第三展示室に行くと桜さんの視線は私の胸の内を問うていた。私はゆっくり首を横に振ると、桜さんは私に近づいてきた。
「記憶障害が残ったそうです。」
「……皮肉ね。名前は麦原菊で、永遠の思い出なのにね。」
私は一瞬何を言っているのかわからなかった。麦原菊はヘリクリサムの和名で、花言葉が永遠の思い出だというのだ。本当に皮肉だと思った。秋葉桜という名前の彼女に言われたのだから。
閉館時間とともに病院に向かった。病室を開けると、思ったより元気な天使がいた。母と目を合わせると彼女は小さく首を横に振った。どうやら話していないらしい。
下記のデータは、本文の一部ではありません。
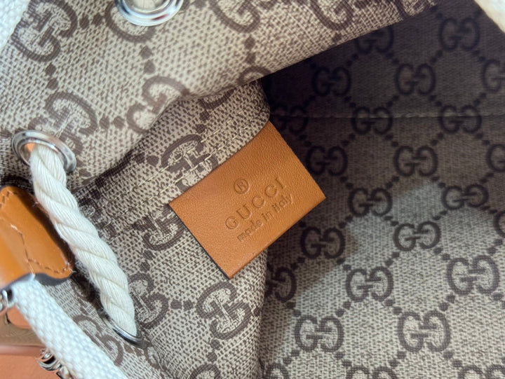 SMALL DRAWSTRING SHOULDER BAG 21 IN WHITE CANVAS BROWN CALFSKIN

私は菊の手を握ると、一筋の生暖かい涙が頬を伝った。義母さんは医者に呼ばれ部屋を出た。
「ねぇ、楓。私ってなんともなかったの?お母さんに聞いても誤魔化すだけで、ちゃんと答えてくれないの。」
「大丈夫だよ。きっと。」
結局、私も誤魔化してしまった。
ドアノブに手をかけて部屋を出ようとしたとき、義母さんの小さな声が聞こえた。
「付き添いに来ている彼女に判断は任せます。きっと私より彼女の方が付き添うことになるから。」
私は複雑な気持ちで家に帰った。
家に帰り、久しぶりに古い写真を引っ張り出した。学生時代に持っていた小さなデジタルカメラで撮った、ステージで力強く優雅に舞う菊の写真だ。写真を見て初めて彼女と出会った時の思い出に浸った。彼女が忘れてしまうなら、私が残そうと決めた。
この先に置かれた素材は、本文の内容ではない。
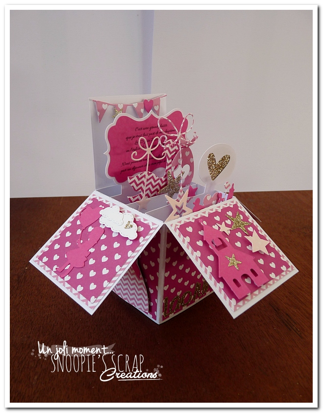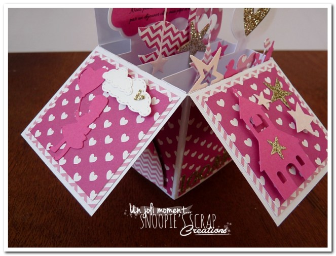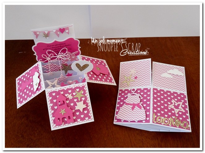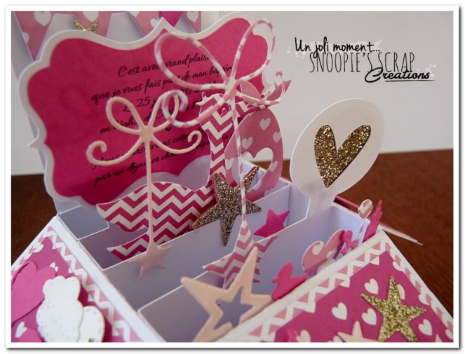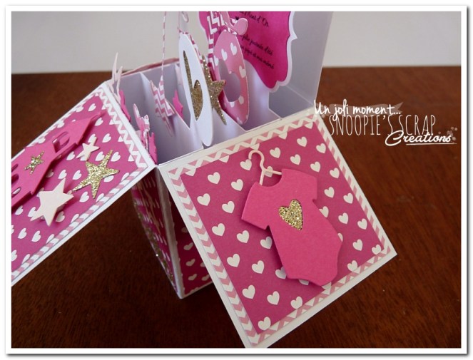 carte naissance pop-up, faire-part de naissance pop-up, boîte, faire-part original, vintage, garçon, fille, chevrons, pois, vert d’eau, bleu d’eau, jaune, kraft, sable, moustache, noeuds, étoiles. Laorina, or, doré, fushia, rose

翌朝、菊からもらったフィルムカメラを持って病院へ向かった。退院が早くて安心している自分と、いつ彼女に後遺症の話を切り出そうかと悩む自分がいた。
「え!カメラ持ってるの、珍しい。」
笑って驚く彼女をカメラに収めた。カメラがシャッと唸った。
それから毎日、私はカメラで何かを撮り続けた。菊のことも、一緒に見た景色もあった。菊は一週間に一度、定期検診に通った。
「昨日何食べたかとか、認知症みたいなこと聞かれるの。」
毎回、そんな文句をこぼしていた。
菊が倒れてちょうど一か月後、36枚撮りのフィルムを撮り終えた。菊が検診に行っている間に、仕事に行くと嘘をついて菊の実家を訪れた。
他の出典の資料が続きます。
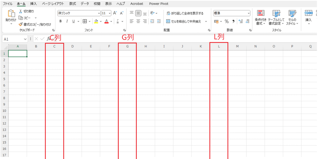 Excelの「列」(アルファベット)のイメージは以下のとおりです。
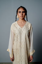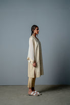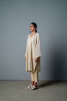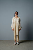 The kurta is cut in kashmiri pheran style , with custom screen print of intricate mosaic jaali in front and stripes at the back. The front of this kurta is intricatly hand embroidered with mirror and cutdana all over . It is teamed with cotton satin cigarette pants.
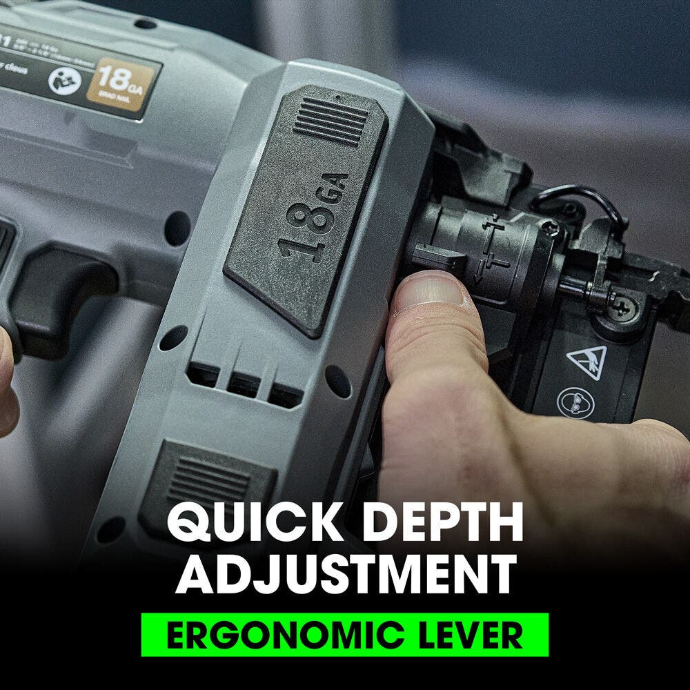 Drives up to 2,200 nails on a single charge with a 2.5Ah lithium battery (sold separately)

リビングに上がると、線香の匂いが漂っていた。痩せこけて笑う男性の写真が置いてある仏壇が目に入った。義母さんに案内され暗室に入ると、机にある古びたノートが目に入った。そのノートを見ると、明らかに菊の文字で丁寧に現像の方法が書いてあった。
「これって菊が書いたノートですか?」
「あら、懐かしい。それね。お父さんが書いたノートなのよ。」
菊は父の死後半年ほど引きこもっていたらしい。そんな彼女を立ち直させたのは、写真だった。菊の実家に暗室があるのも、菊のお父さんが使っていたからだそうだ。
暗室で現像の準備をしながら、自分の家族のことを思った。私の父親は私が"普通"でないことを嫌い、高校生の頃、彼女ができたことで「普通でいてほしかった。」と言われた。結局、その言葉で元カノと別れ、大学の進学時に父との縁を切った。
私は乾燥室に現像の終わったフィルムを吊るして、義母さんのもとへ。暖かいお茶と茶菓子があった。
「どう、現像は?」
「良さそうです。」
「……話すか決めたの?」
時計の針の音が静かに響く。
「すぐに決めなくていい。私も菊に話していないことがまだあるから。」
義母さんは紙を取り出し、ステージⅡの大腸がんの告知書を見せた。
「治るかもしれないけれど、確実に楓くんの方が長く菊に寄り添うわ。」
乾燥が終わるのを知らせるタイマーが鳴り、私は現像を光に透かしながら、どの写真を印刷するか考えた。天使の梯子の写真の現像が進む中、菊に記憶障害のことを伝えようと決めた。
「私は記憶障害のことを菊に伝えます。だから義母さんもガンのことを伝えてください。」
義母さんはゆっくり頷いた。
帰り道、道路脇に咲くヘリクリサムが舞うのを眺めていた。